As we are receiving more and more issues, we are having more and more PR opened with dormant features that noone is using.

I propose that we integrate these PR into tqdm more quickly and easily than currently, but that we define clear guidelines before.

Essentially, I propose to codify the development process in 2 processes: a solid one for core tqdm, and a way more flexible and lenient for submodules.

Here are my ideas of some release guidelines:

  1. Tqdm core only accepts changes requiring no external module from pure python stdlib and having no or negligible impact on performance. So mostly bugfixes. All changes should be 100% branch covered by unit tests, and commented. Any other kind of change should go in a submodule. Indeed, the core is meant to be rock solid and as fast as a rocket.
  2. Any change to the core's API should be discussed carefully.
  3. Submodules extending tqdm core or any other tqdm module can implement anything, from new experimental features or support for third-party libraries like pandas, numpy, etc.
  4. There is a special development numbering for submodules based on maturity: alpha for experimental code without enough unit test, comment and/or feedback ; beta for well used module with commented code but without enough unit test ; stable for modules with commented code, 80% branch coverage unit tests and enough usage by a userbase (at least 10 users). The status should be written at the top of the class docstring.

To summary, the idea is that we lock the core (like we implicitly do currently but now explicitly with clear guidelines) to maintain the current quality (reliability, performance, API), but still allow new features to be developped quickly: the solution is to use abusively of submodules.
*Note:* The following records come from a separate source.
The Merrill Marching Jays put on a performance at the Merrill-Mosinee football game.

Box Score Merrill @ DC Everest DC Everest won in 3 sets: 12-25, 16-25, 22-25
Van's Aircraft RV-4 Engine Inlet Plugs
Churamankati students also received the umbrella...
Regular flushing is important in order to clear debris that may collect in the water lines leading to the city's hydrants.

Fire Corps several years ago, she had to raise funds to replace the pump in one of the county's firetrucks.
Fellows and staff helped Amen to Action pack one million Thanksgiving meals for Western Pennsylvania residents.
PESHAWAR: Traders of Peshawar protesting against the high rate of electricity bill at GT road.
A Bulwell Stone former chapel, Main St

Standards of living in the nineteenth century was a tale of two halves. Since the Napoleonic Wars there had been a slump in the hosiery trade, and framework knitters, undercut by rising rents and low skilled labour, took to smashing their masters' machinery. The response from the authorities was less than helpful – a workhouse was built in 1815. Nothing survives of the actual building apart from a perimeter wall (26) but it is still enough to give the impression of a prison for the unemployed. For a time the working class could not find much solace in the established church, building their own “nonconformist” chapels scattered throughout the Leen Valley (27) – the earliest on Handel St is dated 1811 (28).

The great thing about submodules is that we don't really care if they are not really stable nor if they are unit tested: they are additional features, people may want to try them or not, it's up to them. But I think we should include them in tqdm public releases, this will allow to get more feedback and provide more quickly the public with new features.
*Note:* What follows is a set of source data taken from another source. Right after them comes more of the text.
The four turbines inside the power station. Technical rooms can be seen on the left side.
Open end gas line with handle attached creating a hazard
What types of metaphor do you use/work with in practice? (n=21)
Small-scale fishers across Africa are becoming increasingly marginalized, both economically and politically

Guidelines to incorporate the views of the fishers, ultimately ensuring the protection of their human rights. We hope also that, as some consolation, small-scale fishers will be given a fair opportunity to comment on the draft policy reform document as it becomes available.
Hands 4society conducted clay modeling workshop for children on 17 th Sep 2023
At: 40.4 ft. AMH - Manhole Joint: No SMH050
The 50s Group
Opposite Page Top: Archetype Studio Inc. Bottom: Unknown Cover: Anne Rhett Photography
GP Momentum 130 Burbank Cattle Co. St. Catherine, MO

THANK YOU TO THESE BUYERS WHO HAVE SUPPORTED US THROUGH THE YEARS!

This will also allow us to more quickly develop new features as making unit tests is taking a lot of time, so we can focus on developing new features first, release them, then add unit tests for the popular submodules (instead of adding unit tests for every submodules even the ones that will maybe be removed in the future...).

The other advantage is that we could then more quickly close PR and issues, because currently we have lots of PR that are totally fine but they are not merged because they are not enough unit tested or just not perfect enough by our standards. But I think that our high standards are fine for tqdm core, but not for submodules: submodules are extensions and thus they should have a more flexible development process: add new modules, modify them, delete unused/deprecated ones, refine popular ones (unit test, better code, comments), etc.

In the end, we can rewrite the Readme and add a section about submodules with their respective maturity state and description, for example:

Submodules
-------------

`tqdm` is very extensible, several submodules are provided, with some being stable and some experimental (alpha, beta). Stable modules can be used in production code, experimental modules can change at any time or even be removed.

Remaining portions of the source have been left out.